> _Problem description_: Copy out exactly the stretch of the listing below that begins at the line containing "Natural Dyes Warangal" and ends at the line containing "点击仓库,你可以查看家族的武器、装备等资源。", and copy nothing outside it.

> _Data provided_:

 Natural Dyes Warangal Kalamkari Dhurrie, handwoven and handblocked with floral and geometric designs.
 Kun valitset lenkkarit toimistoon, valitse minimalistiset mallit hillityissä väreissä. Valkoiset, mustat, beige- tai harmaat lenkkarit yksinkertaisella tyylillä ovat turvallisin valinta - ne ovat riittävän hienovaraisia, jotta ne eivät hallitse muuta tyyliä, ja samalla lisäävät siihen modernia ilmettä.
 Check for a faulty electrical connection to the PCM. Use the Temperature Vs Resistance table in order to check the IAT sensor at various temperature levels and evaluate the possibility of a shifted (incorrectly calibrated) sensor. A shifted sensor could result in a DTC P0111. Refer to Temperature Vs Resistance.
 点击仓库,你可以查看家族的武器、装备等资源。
* * *
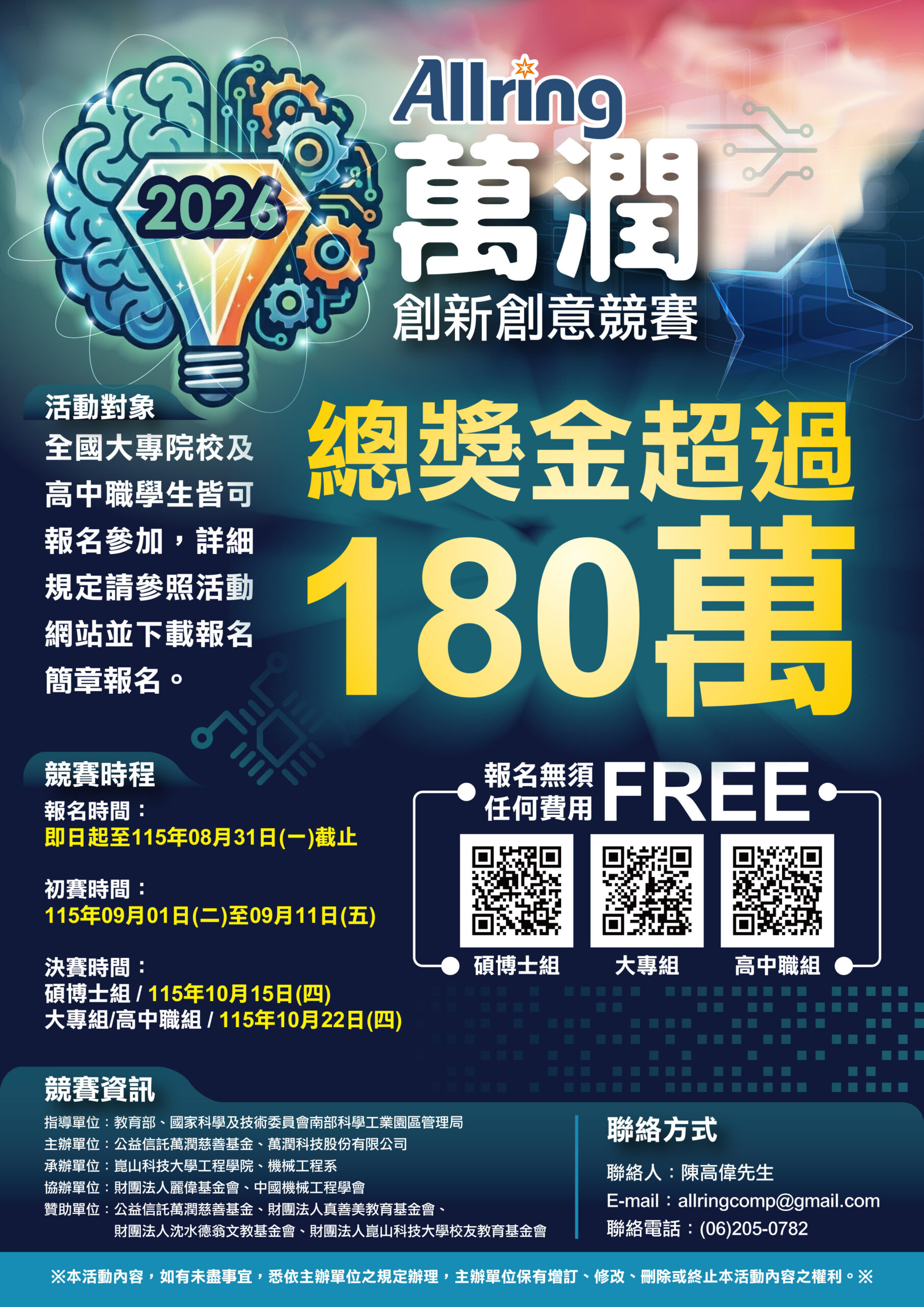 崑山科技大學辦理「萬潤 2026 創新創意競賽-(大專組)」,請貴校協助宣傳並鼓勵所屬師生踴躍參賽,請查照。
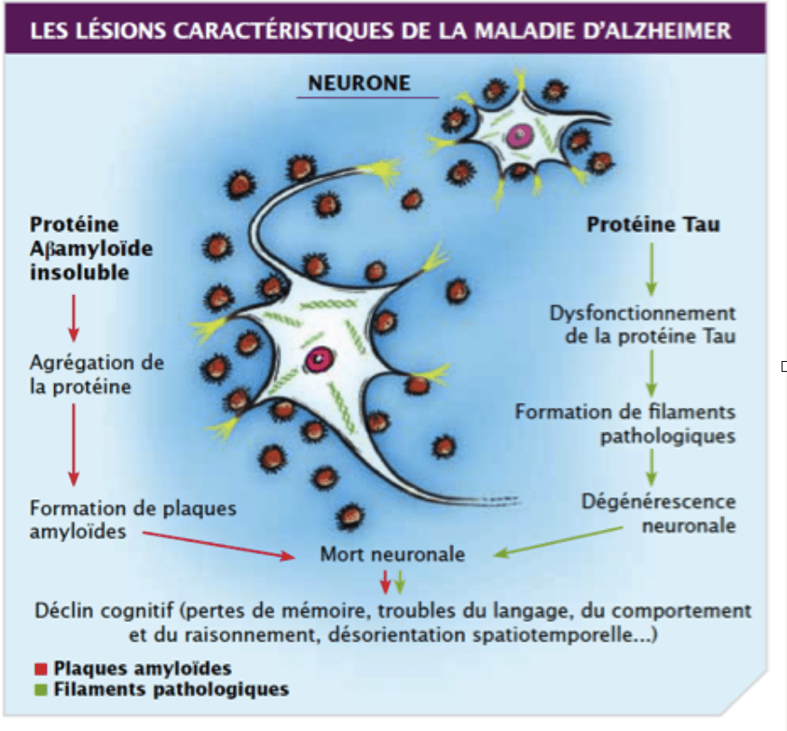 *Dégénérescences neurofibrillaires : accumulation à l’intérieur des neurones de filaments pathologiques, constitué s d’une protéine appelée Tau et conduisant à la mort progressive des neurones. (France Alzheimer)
...
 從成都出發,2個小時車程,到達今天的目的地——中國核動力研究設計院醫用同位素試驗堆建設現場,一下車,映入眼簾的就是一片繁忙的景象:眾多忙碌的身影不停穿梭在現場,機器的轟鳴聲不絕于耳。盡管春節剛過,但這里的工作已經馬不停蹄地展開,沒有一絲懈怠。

> _Your solution_:
 Natural Dyes Warangal Kalamkari Dhurrie, handwoven and handblocked with floral and geometric designs.
 Kun valitset lenkkarit toimistoon, valitse minimalistiset mallit hillityissä väreissä. Valkoiset, mustat, beige- tai harmaat lenkkarit yksinkertaisella tyylillä ovat turvallisin valinta - ne ovat riittävän hienovaraisia, jotta ne eivät hallitse muuta tyyliä, ja samalla lisäävät siihen modernia ilmettä.
 Check for a faulty electrical connection to the PCM. Use the Temperature Vs Resistance table in order to check the IAT sensor at various temperature levels and evaluate the possibility of a shifted (incorrectly calibrated) sensor. A shifted sensor could result in a DTC P0111. Refer to Temperature Vs Resistance.
 点击仓库,你可以查看家族的武器、装备等资源。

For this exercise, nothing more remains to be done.